I agree about the show line but I have had a few that did an excellent job in the show ring and also in the grouond. My male Border in particular. 

As to Plummer's experiment withthe KCs. I do believe many small breeds can be taught to go to grouond but that doesn't mean they will truly work the quarry with any real abilities. 

Brian Plummer is the man responsible for the Patterdale. He was the first one to actually name them as a breed. Most of his lines were black, short coated Fells terriers. It's said that the Patterdale has a bit of bullbreed in their background. Not a popular thing to do because they would often work silently. That becaame a non problem with the advent of the locator collar. 
Here in the States the Pats were just referred to a black dogs or black fells for a long time until the Patterdale name became popular with the hunting set. The Patterdale can also be liver colored and also rough coated.
Here in the States they are also used as weight pull dogs when crossed with a Pit. It creates another small weight class and they do well. Often referred to as Pittypats......honest! :lol:


----------



## shane beanhard (Aug 1, 2014)

They definitely do have bull in them,in the north west were their from small black bulldogs were common in the past.

I think Plummer was a bit of an eccentric weirdo tbh,he did create a line of russel that he called the plummer terrier but from what I hear he was no terrier man.

'Pittypat'


http://s1054.photobucket.com/user/s...140714_120043_zpsba7ead78.jpg.html?sort=3&o=0


----------



## Bob Scott (Mar 30, 2006)

I got my Brits crossed. 
Your correct about Plummer and the Plummer terrier. 

I mistakenly said Brian Plummer as the originator of the Patterdale. I have a couple of his books. 
"Tales of a Rat Hunting Man" is a fun read. 
Plummer terriers are basically a larger, primarily brown bodied JRT with a bit of Beagle in there. 
Your also correct about Plummer not being a terrier man. 
Showman would better fit what I've been told of him. 


It was Brian Nuttal that was responsible for the Patterdale. 8-[

His dogs came down from Cyril Breay and Frank Buck.


----------



## shane beanhard (Aug 1, 2014)

Well Plummer never let the truth get in the way of a good story lol

it actually wouldn't have surprised me if he claimed to have invented the patterdale,it just wasn't one I'd heard before.

I can't remember what book it's in but he goes through what breeds make up the Plummer,There's russel,fell,beagle and staff if memory serves.

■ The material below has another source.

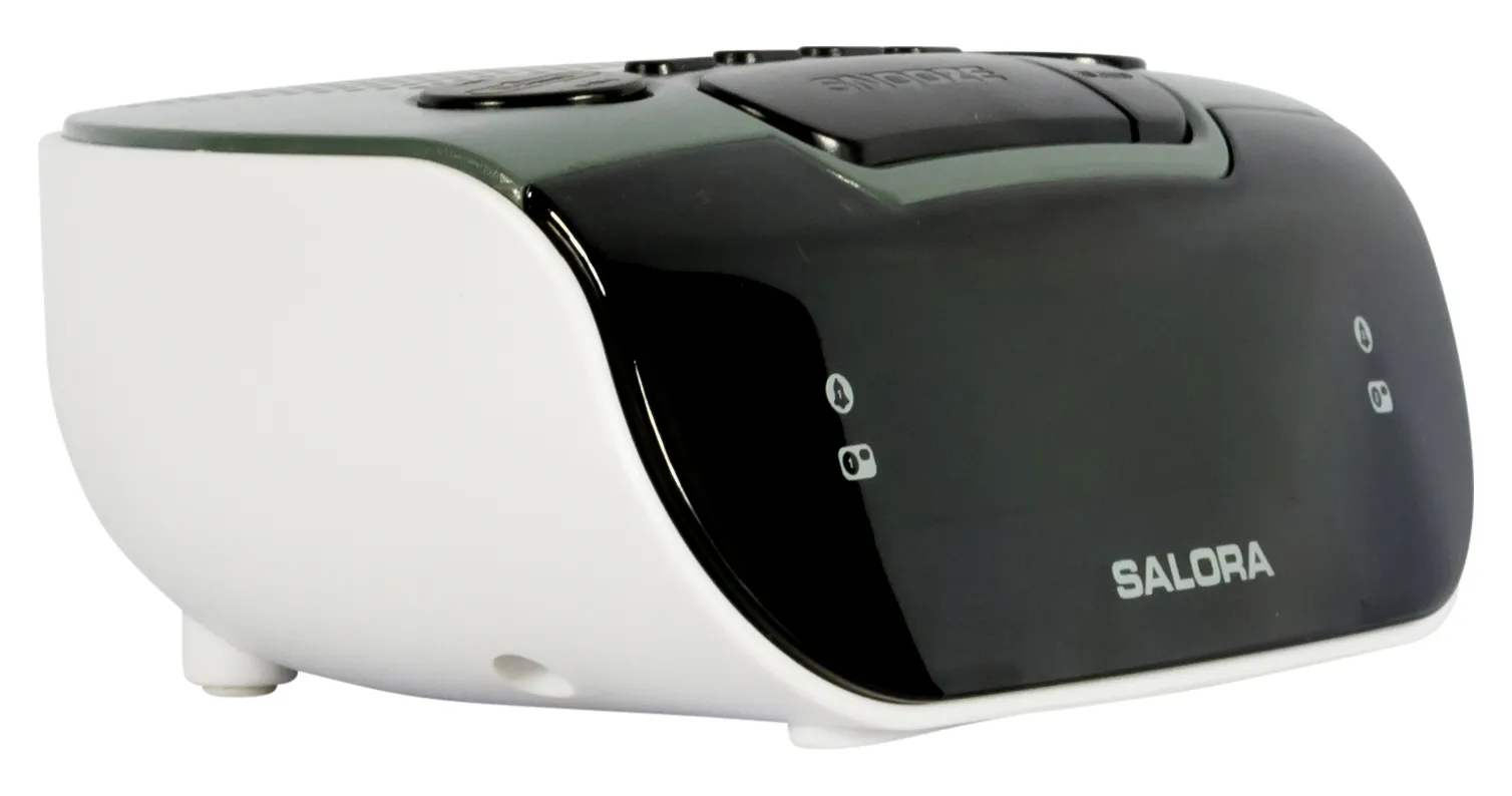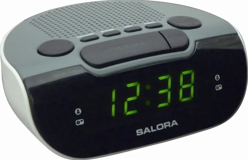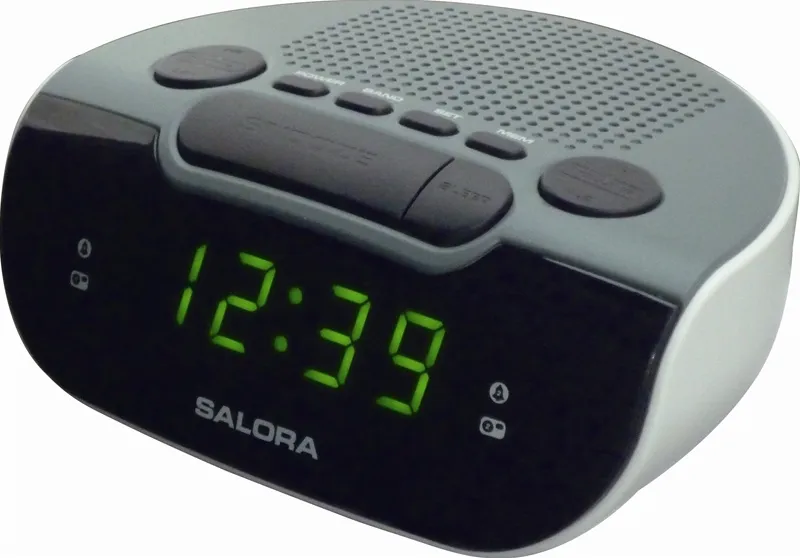 Digitale AM/FM (PLL) klokradio met wekker en voorzien van dubbele wektijd. Beschikt over een batterij back-up, altijd handig bij een eventuele stroomuitval. Verder een snooze- en slaapfunctie en uitgevoerd met groene LED display.

he wanted his breed to be it's distinct breed so that it would live on after him,not just as a strain of russel that would soon be absorbed and forgotten about.

From what I hear they're quite good above ground.


----------



## Bob Scott (Mar 30, 2006)

I understand that also. No doubt though it will still be crossed by some to get that "better" dog. ](*,):lol: 

I have two of Plummer's books. 
"The Fell terrier" gives, from my understading, the factual history of many of the "old time" terrier men and the history behind their dogs. 

The other is "Tails of a Rat Hunting Man". Lots of stories you would expect from Plummer given his penchant for embellishing on stories. I laughed my ass off reading that one. 
That's one anyone that loves terriers should read.


----------



## shane beanhard (Aug 1, 2014)

I have most his books,when I was young and innocent I even believed most of what he wrote 

Nathan is a brilliant book,his best by a very long way.


----------



## Bob Scott (Mar 30, 2006)

shane beanhard said:


> I have most his books,when I was young and innocent I even believed most of what he wrote
> 
> Nathan is a brilliant book,his best by a very long way.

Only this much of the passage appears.